DENVER (CN) — During a federal hearing on Thursday seeking a preliminary injunction limiting immigration officers’ use of warrantless arrests, an immigrant from Mexico who had lived in Colorado for two decades testified to his three-month detention earlier this year.
“I believe we have the opportunity to have our case heard in a court of law and not just get picked up randomly,” Refugio Ramirez Ovando said, speaking through a Spanish interpreter.
Ovando was detained in Grand Junction on his way to work just after 6 a.m. on May 19. He was detained for three months before immigration officials released him. Although an immigration judge granted his application for permanent residency on Aug. 18, he says he remains fearful of being re-arrested.
“An immigration judge gave me a green card, but up to and including today, I still don’t have the card with me,” Ovando testified. Today, he carries the same identification he carried on the day of his arrest, he said.
Ovando and three other named plaintiffs filed a class action against U.S. Department of Homeland Security secretary Kristi Noem on Oct. 9, challenging the government’s practice of carrying out warrantless arrests against immigrants without first assessing if they had violated an immigration law or posed a flight risk.
Senior U.S. District Judge R. Brooke Jackson scheduled two days of testimony on Ovando’s motion for a preliminary injunction.
In Ovando’s complaint, attorneys from the American Civil Liberties Union estimated Colorado is home to 169,000 immigrants without legal status — roughly 3% of the state population.
In the complaint, Ovando claims ICE agents have increased warrantless arrests against Latino people to meet increased detention quotas set by the Donald Trump administration, aiming to detain 3,000 people daily.
“Masked military ICE agents with flak jackets and long rifles are terrorizing communities across Colorado so they can make arbitrary government quotas,” said attorney Kenzo Kawanabe on behalf of Ovando and the proposed class.
ICE agents are allowed to carry out warrantless arrests if they find that the individual likely violated an immigration law and poses a risk of flight.
“The reality is they don’t do the flight risk assessment,” Kawanabe, of Denver law firm Olson Grimsley, said. “The forms have no information because they haven’t asked about employment, family ties, how long they’ve been in the community. That’s why these policies don’t effectuate in the real world.”
In June, ICE entered a settlement to end the Northern District of Illinois case Castañon Nava v. ICE , which also challenged warrantless arrests. Under the agreement, the agency’s principal legal advisor, Charles Wall, instructed ICE agents to ensure probable cause to support an immigration violation and flight risk for making a warrantless arrest.
Testifying remotely from Washington D.C., ICE’s former Denver field office director, Robert Guadian, said he was unfamiliar with the settlement because he received policy updates daily. Guadian also claimed he knew nothing about the named plaintiffs’ arrests, and that he did he review the officers who detained them ahead of the hearing.
During examination, Guadian claimed most of ICE’s arrests in Colorado were targeted investigations supported by warrants for arrest or removal.
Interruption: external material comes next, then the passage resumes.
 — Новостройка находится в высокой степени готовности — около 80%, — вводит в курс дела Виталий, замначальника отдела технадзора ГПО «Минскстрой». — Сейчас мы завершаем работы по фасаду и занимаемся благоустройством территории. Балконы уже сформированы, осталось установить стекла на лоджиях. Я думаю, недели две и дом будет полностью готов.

“We know where they live. We’ve got their photo,” Guadian said. Although he told the court the agency does not detain all immigrants encountered, he could not recall what percentage of people are let go or subjected to warrantless arrests.
Jackson asked U.S. Attorney Nicholas Deuschle why the government didn’t simply agree to follow the policies the agency had already promised to follow, thus resolving the case.
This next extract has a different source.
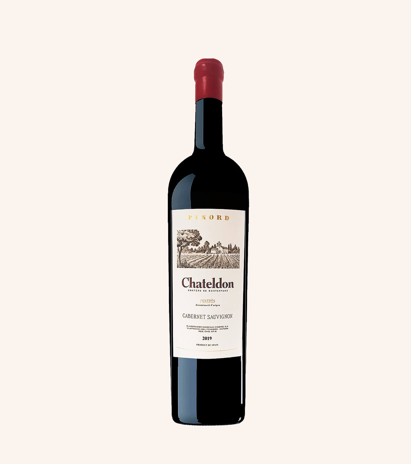 El nombre de Chateldon proviene de la unión de "Chato", en referencia a la masía de la finca, y "Cabernet Sauvignon", la uva con la que se elabora este vino. En la etiqueta, aparece la ermita de Mas Muntayans, situada en la finca, junto con los viñedos de los que proviene este vino, reflejando la conexión entre el terruño, la tradición y la uva que lo define. Es un clásico de la bodega que refleja la larga historia vitivinícola de Pinord.

“My question is a practical question," said the Barack Obama appointee. “Why won’t the government just stipulate to do what they said they would do?”
Deuschle countered that the government need not enter any agreements prior to hearing the plaintiffs’ evidence, and that the plaintiffs lacked standing to support the future relief sought.
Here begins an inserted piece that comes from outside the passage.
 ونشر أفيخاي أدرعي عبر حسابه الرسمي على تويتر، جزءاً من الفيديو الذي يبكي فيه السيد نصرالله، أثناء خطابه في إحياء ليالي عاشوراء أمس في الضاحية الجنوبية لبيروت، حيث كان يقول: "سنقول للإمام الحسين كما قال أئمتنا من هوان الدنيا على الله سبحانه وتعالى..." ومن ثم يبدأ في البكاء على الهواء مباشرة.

Jackson pressed Deuschle on whether any plaintiff existed who could challenge the agency’s warrantless arrests if warrants were simply issued after their detainment, nullifying the question.
“What kind of a country is it if people can’t bring before a court their grievance? If ICE is ignoring these policies, there has to be something they can do about it,” Jackson said.
Jackson asked whether certifying the proposed class might create standing for the named plaintiffs who had been subjected to warrantless arrests. Deuschle said he had only prepared to rebut the proposed injunction and was not ready to argue class certification.
To represent the proposed class, the plaintiffs called two unnamed individuals with pending asylum cases as well as Caroline Dias Goncalves, a Utah nursing student who was detained for more than two weeks after being pulled over for trailing too closely to a tractor trailer while driving through Colorado to visit a friend.
Since her arrest, Dias Goncalves said, “I’m scared to do things.” After losing a job during her detention, she had to move back in with her parents, and reduce her college load to a single online class. Dias Goncalves said she agreed to be a plaintiff in the case, “because I don’t want what happened to me to happen to anyone else.”